* EXERCISE GOAL: Lines before the one containing "Below are pictures" are not copied; that line and every one after it, through the end of the material below, are printed exactly, without pictures.

* SOURCE DATA:
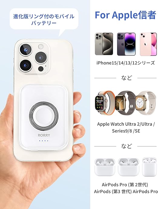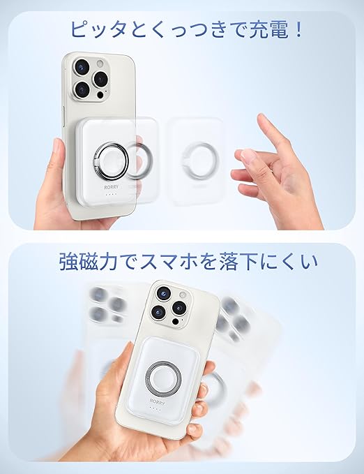 【くっつけるだけで充電できるMagSafe対応モバイルバッテリー】RORRY社はiPhone16〜12シリーズ対応のMagSafe式モバイルバッテリーがやっと新登場しました!内蔵されたマグネットでiPhone本体にくっつけるだけで充電でき、コードレスなため邪魔にならないし、持ち歩く荷物も減らせるため、バッグの中身を綺麗にまとめられます。また、磁力が強いのため、バイブレーションなどによる振動で吸着位置がズレにくく、位置ズレによって充電ができていなかったというワイヤレス充電の弱点を克服できます!さら
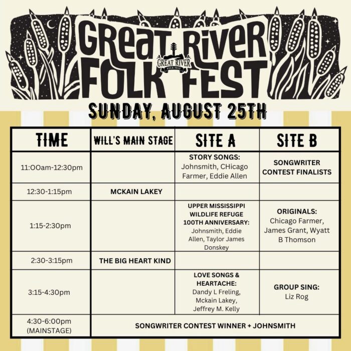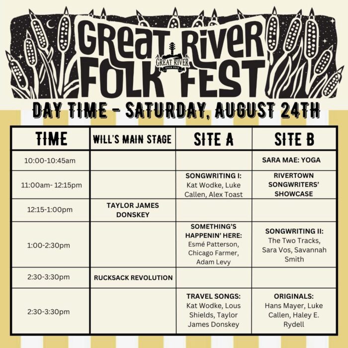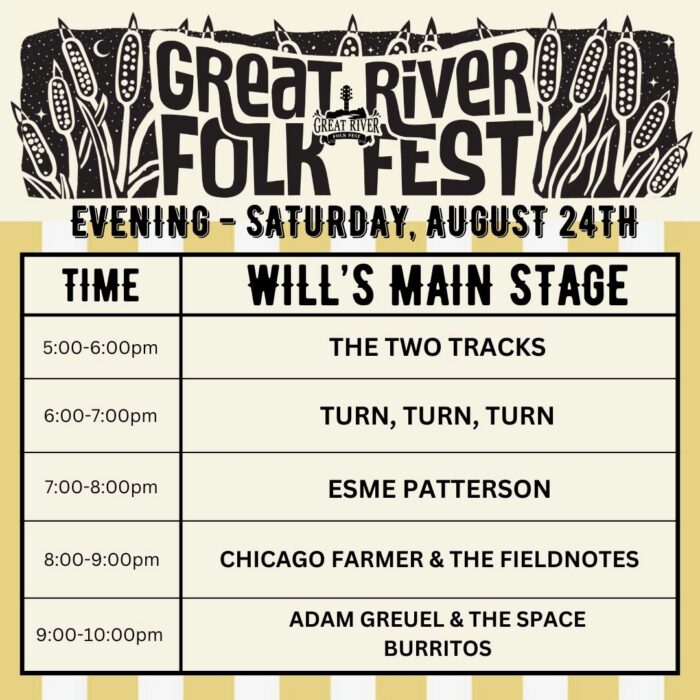 The Great River Folk Fest kicks off today at Riverside Park with three days of live tunes from some incredibly talented musicians, including Chicago Farmer & The Fieldnotes, Rucksack Revolution, Sarah Vos, & MANY more.
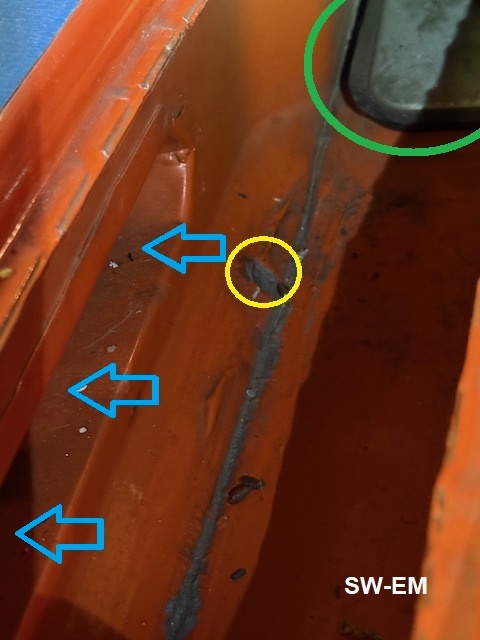 Below are pictures of this second drainage provision in the Heater Core Enclosure, as well as likely results of it not working as intended.  Rust in bottom of enclosure suggests rainwater drainage was impaired (pooled Coolant would have the telltale green color and likely not have rusted as it contains anti-corrosives), allowing standing rainwater to pool, and rust the inside of enclosure, likely also spilling over onto the cabin floor as it reached the level of air vent (oval opening), as it appears to have done.
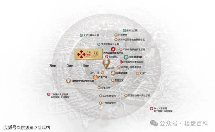 医疗——蕙心医院(约380米)、岭南养生谷中医医院(约1300米)等近在咫尺;广州医科大学附属中医医院·天河院区(约8km)、中山大学附属第三医院·岭南医院(约8km)等三甲医院环绕周边,为健康保驾护航;
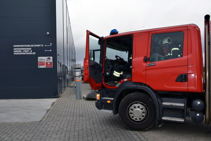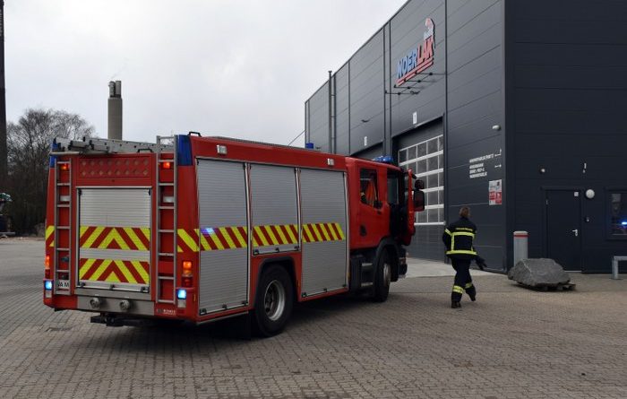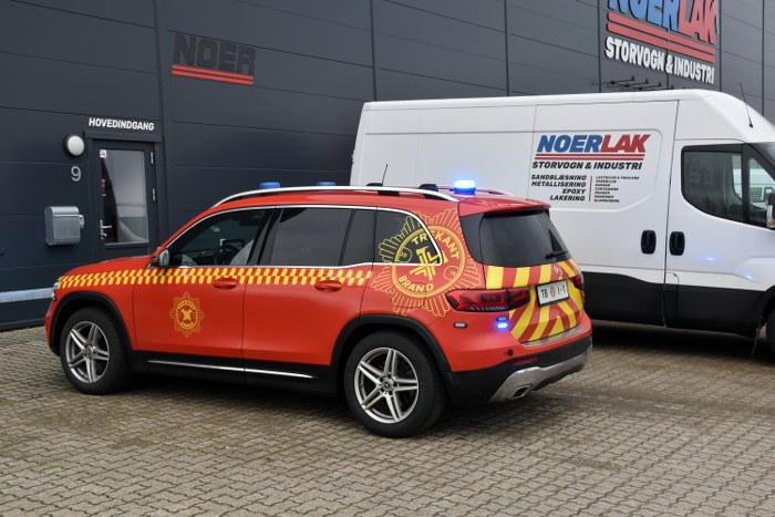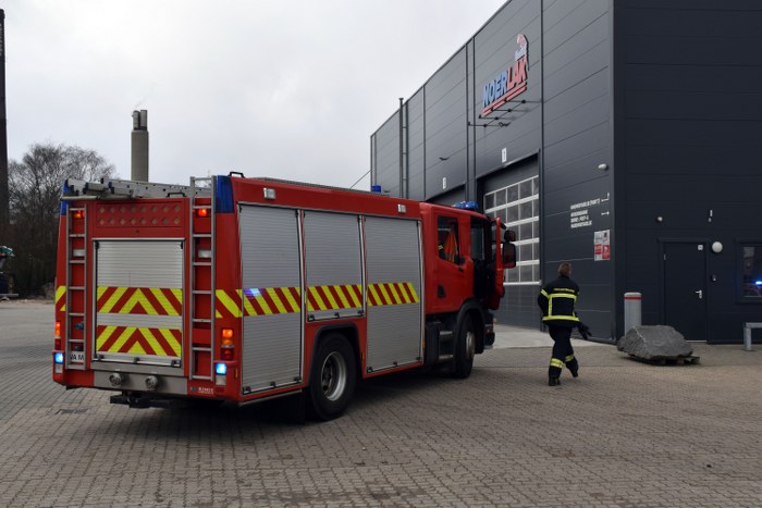 Alarmen kom fra Carsten Noer Storvognslakering på Østermarksvej.

* RESULT:
 Below are pictures of this second drainage provision in the Heater Core Enclosure, as well as likely results of it not working as intended.  Rust in bottom of enclosure suggests rainwater drainage was impaired (pooled Coolant would have the telltale green color and likely not have rusted as it contains anti-corrosives), allowing standing rainwater to pool, and rust the inside of enclosure, likely also spilling over onto the cabin floor as it reached the level of air vent (oval opening), as it appears to have done.
 医疗——蕙心医院(约380米)、岭南养生谷中医医院(约1300米)等近在咫尺;广州医科大学附属中医医院·天河院区(约8km)、中山大学附属第三医院·岭南医院(约8km)等三甲医院环绕周边,为健康保驾护航;
 Alarmen kom fra Carsten Noer Storvognslakering på Østermarksvej.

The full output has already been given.